SINGAPORE: Malaysian palm oil futures eased on Friday on a rise in January stocks, although stronger exports and higher Indonesian export taxes helped the benchmark contract log a weekly gain.
The benchmark palm oil contract for April delivery on the Bursa Malaysia Derivatives Exchange slid 39 ringgit, or 0.98 percent, to 3,934 ringgit ($908.75) a tonne by the end of trading on Friday, down for a second consecutive day.
The benchmark climbed 2.07% this week, its third weekly rise in four.
“The exports are showing signs of recovery and with Indonesia increasing their taxes and levies, customers could actually turn their attention towards Malaysian cargoes,” said Paramalingam Supramaniam, director at Selangor-based brokerage Pelindung Bestari.

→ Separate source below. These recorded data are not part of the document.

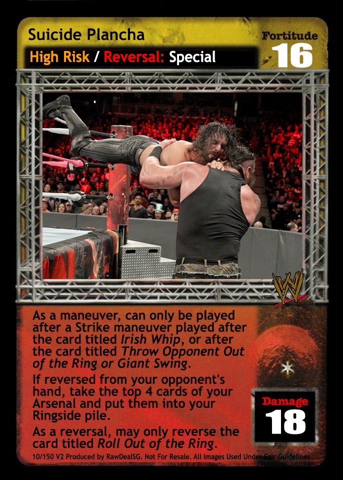 As a maneuver, can only be played after a Strike maneuver played after the card titled Irish Whip, or after the card titled Throw Opponent Out of the Ring or Giant Swing. If reversed from your opponent's hand, take the top 4 cards of your Arsenal and put them into your Ringside pile. As a reversal, may only reverse the card titled Roll Out of the Ring.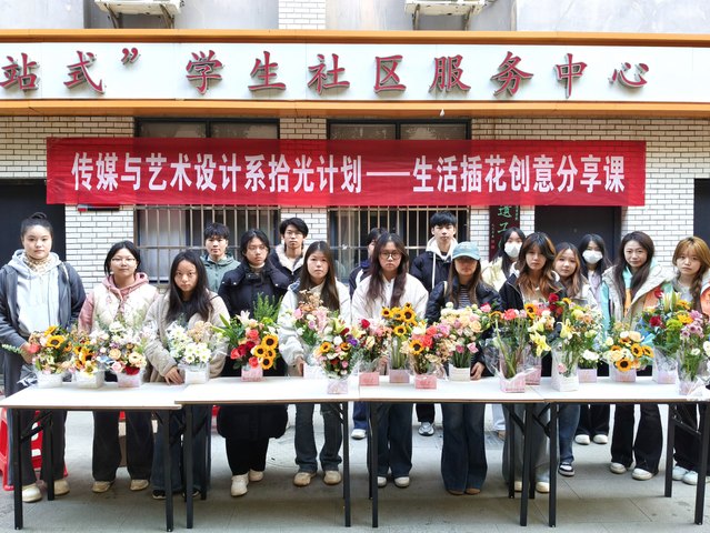 本网讯(通讯员 高雨西)11月20日,由大学生事务中心的主办、传媒与艺术设计系承办的“拾光计划”系列活动之生活插花创意分享课,在学生社区“一站式”服务中心门口温情启幕。本次活动将花艺创作与美育实践深度融合,为同学们搭建起感知美、创造美、分享美的鲜活平台。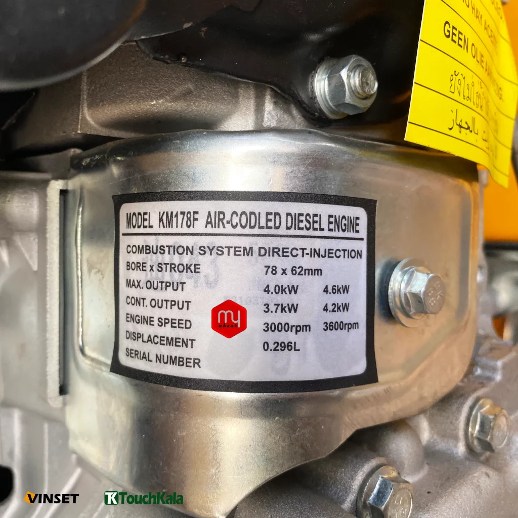مشخصات کلی موتور تک گازوئیلی واکسون مدل KM 178F: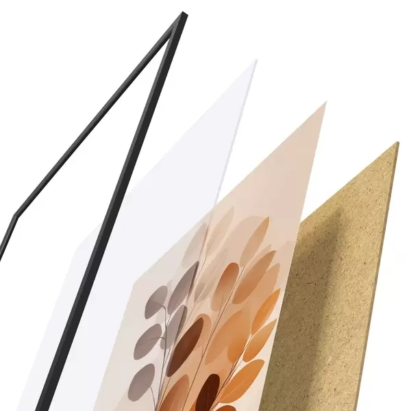 Das Poster besteht aus einem Rahmen, Plexiglas, einem gedruckten Bild und einer Rückwand aus Spanplatten. Dank der Halterungen auf der Rückseite kann das Poster sofort an die Wand gehängt werden.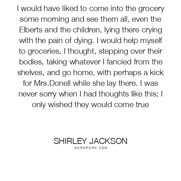 I would have liked to come into the grocery some morning and see them all, even the Elberts and the children, lying there crying with the pain of dying. I would help myself to groceries, I thought, stepping over their bodies, taking whatever I fancied from the shelves, and go home, with perhaps a kick for Mrs.Donell while she lay there. I was never sorry when I had thoughts like this; I only wished they would come true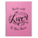 Made with love custom hand lettered recipe spiral notebook. Elegant brush script typography design with your own personalised name. Pink or custom background colour. Handy kitchen book for jotting down cooking and baking recipes. Trendy Birthday or Christmas gift idea for friends and family. Unique handmade design.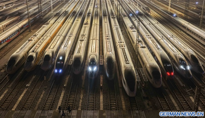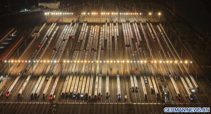 Hochgeschwindigkeitszüge in ganz China stehen für den bevorstehenden jährlichen Reiseansturm zum Frühlingsfest bereit, der auch als Chunyun bekannt ist und am 2. Februar 2026 beginnt. Jedes Jahr kehren Millionen von Menschen, die außerhalb ihrer Heimatstädte arbeiten, studieren oder leben, während dieser Hauptreisezeit zum Frühlingsfest, dem wichtigsten traditionellen Feiertag Chinas, nach Hause zurück und bilden damit die weltweit größte jährliche Migration von Menschen. (Xinhua/Deng Hua)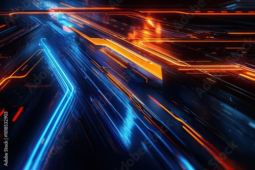 Dynamic abstract lines of blue and orange light creating a sense of motion and energy in a futuristic digital space.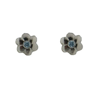 Pendientes de flor con circonia azul y cierre de tornillo en oro blanco macizo de 18K

The world’s top palm oil exporter Indonesia plans to set the crude palm oil reference price for Feb. 16-28 higher at $880.03 per tonne, making it less competitive to smaller rival Malaysia.

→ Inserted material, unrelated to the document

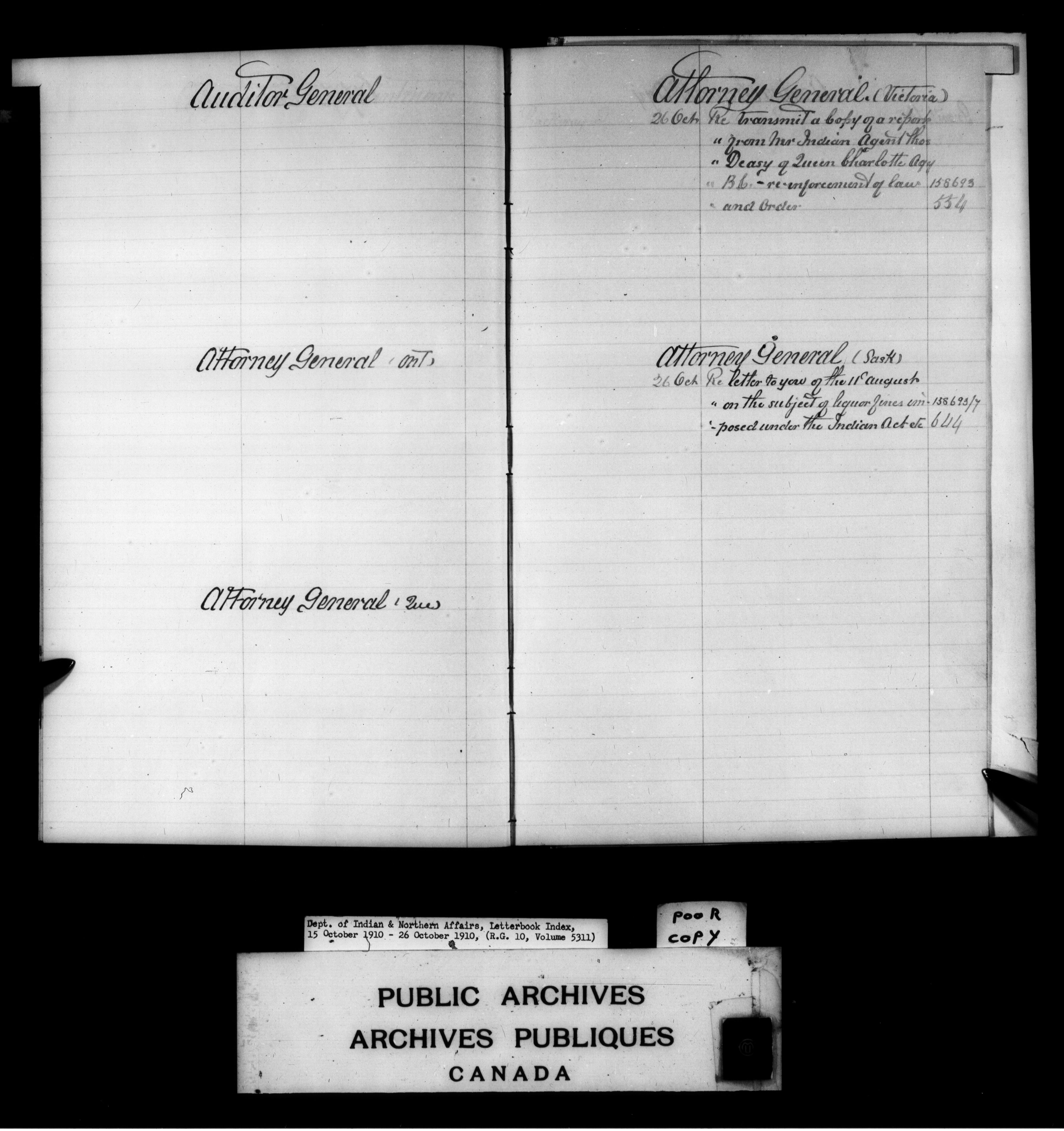 Department of Indian Affairs : Letterbooks of out-going correspondence relating to the administration of Indian Affairs in both eastern and western Canada, 1871-1920 - 8810
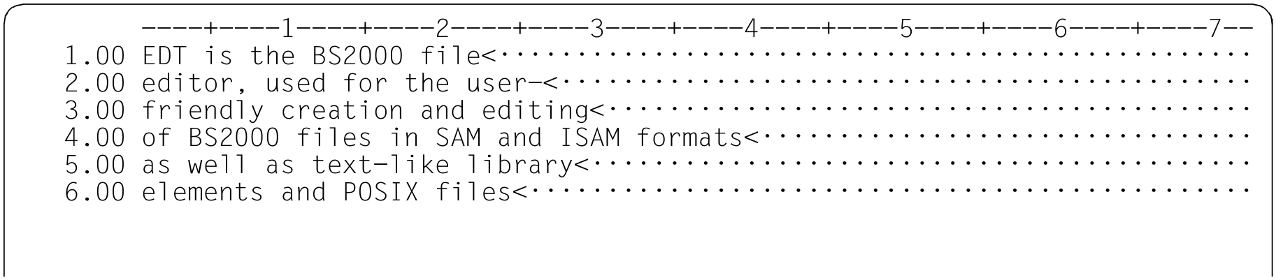 | (5) | EDT is to be switched to the F mode screen dialog and the work window is to be output on the screen. It is then possible to input all F and L mode statements in this dialog mode. The F mode screen dialog is terminated with @END, @HALT or @RETURN or K1 and processing continues with the statement following @DIALOG. |

Exports from Malaysia during Feb. 1-10 rose 32.51% from the same period in January, independent inspection company AmSpec Agri Malaysia said on Friday.
“Malaysian palm oil exports rose during the first 10 days of February thanks to lower prices and renewed purchases from India after the confirmation of the extension of refined palm oil import allowances under the free category,” said Anilkumar Bagani, research head of Mumbai-based vegetable oils broker Sunvin Group.

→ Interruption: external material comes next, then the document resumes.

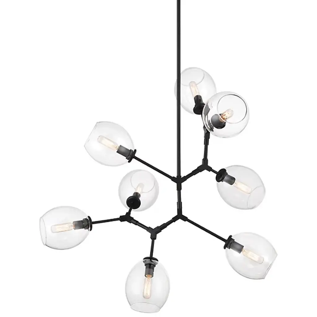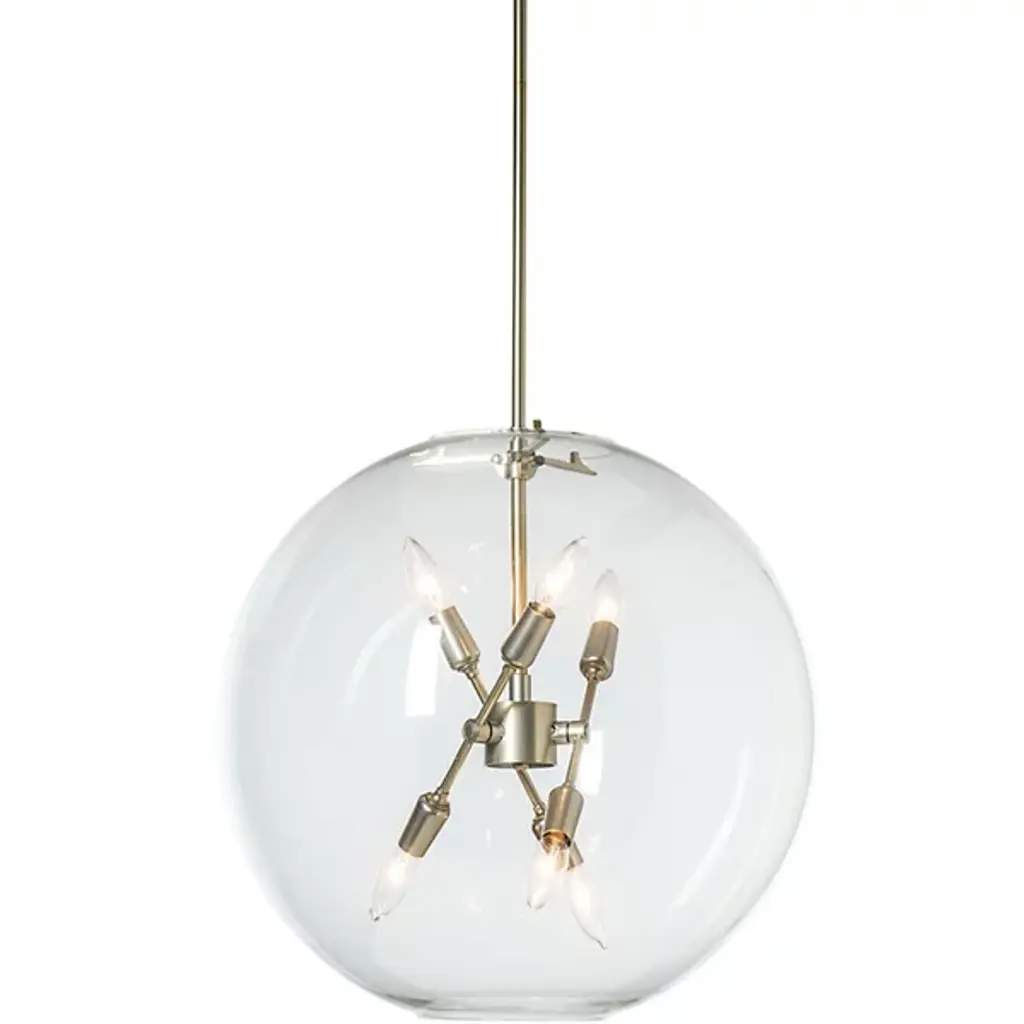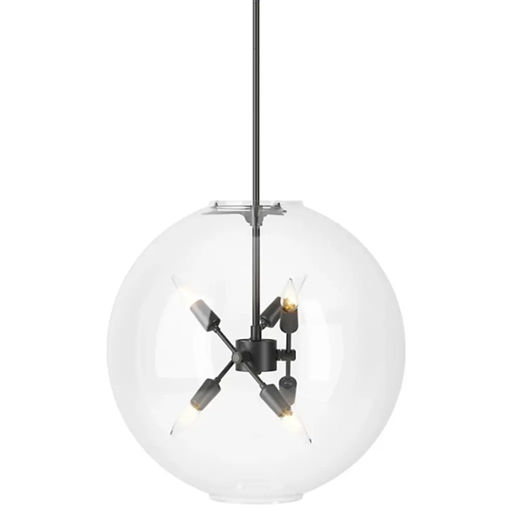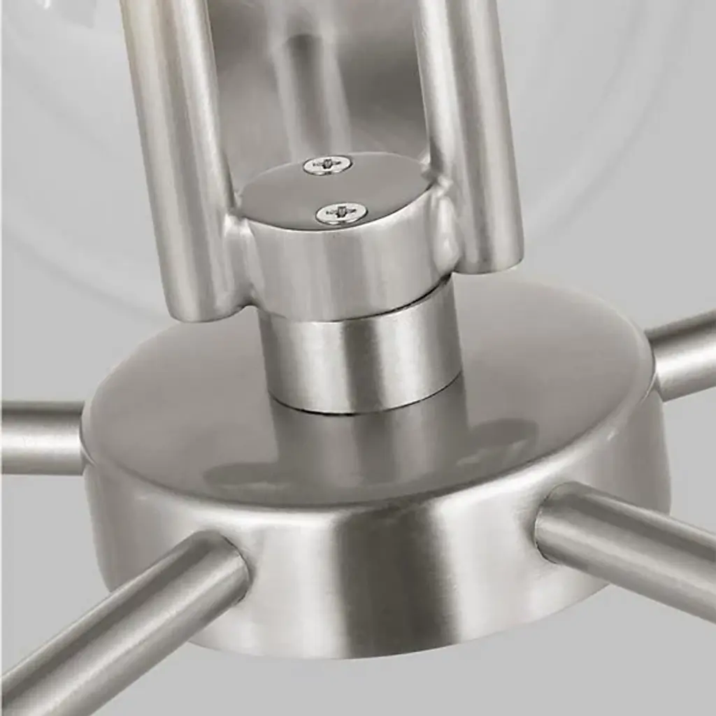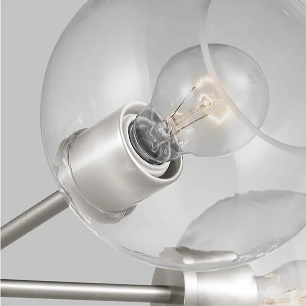 Capture the old with the new as stunning clear glass globe shades create a gorgeous glow. The Codyn Chandelier from Visual Comfort Studio, formerly known as Sea Gull Lighting, features a five-light single-tier chandelier in a contemporary take on a classic mid-century design. Clear glass shades with open-ended spheres accent the elongated keyhole strap detail for a clean look. This minimalist fixture relies on subtle details to create visual interest.

Malaysia’s palm oil inventories at end-January rose for the first time in three months, up 3.27% from the month before to 2.27 million tonnes, according to Malaysia Palm Oil Board (MPOB) data.
The rise was due to a surge in imports that helped offset a 14.73% slump in production and a near 23% drop in exports, MPOB data showed.
In related oils, Dalian’s most-active soyoil contract fell 1.83%, while its palm oil contract gave up 2.24%. Soyoil prices on the Chicago Board of Trade gained 0.64 percent.
Palm oil is affected by price movements in related oils as they compete for a share in the global vegetable oils market.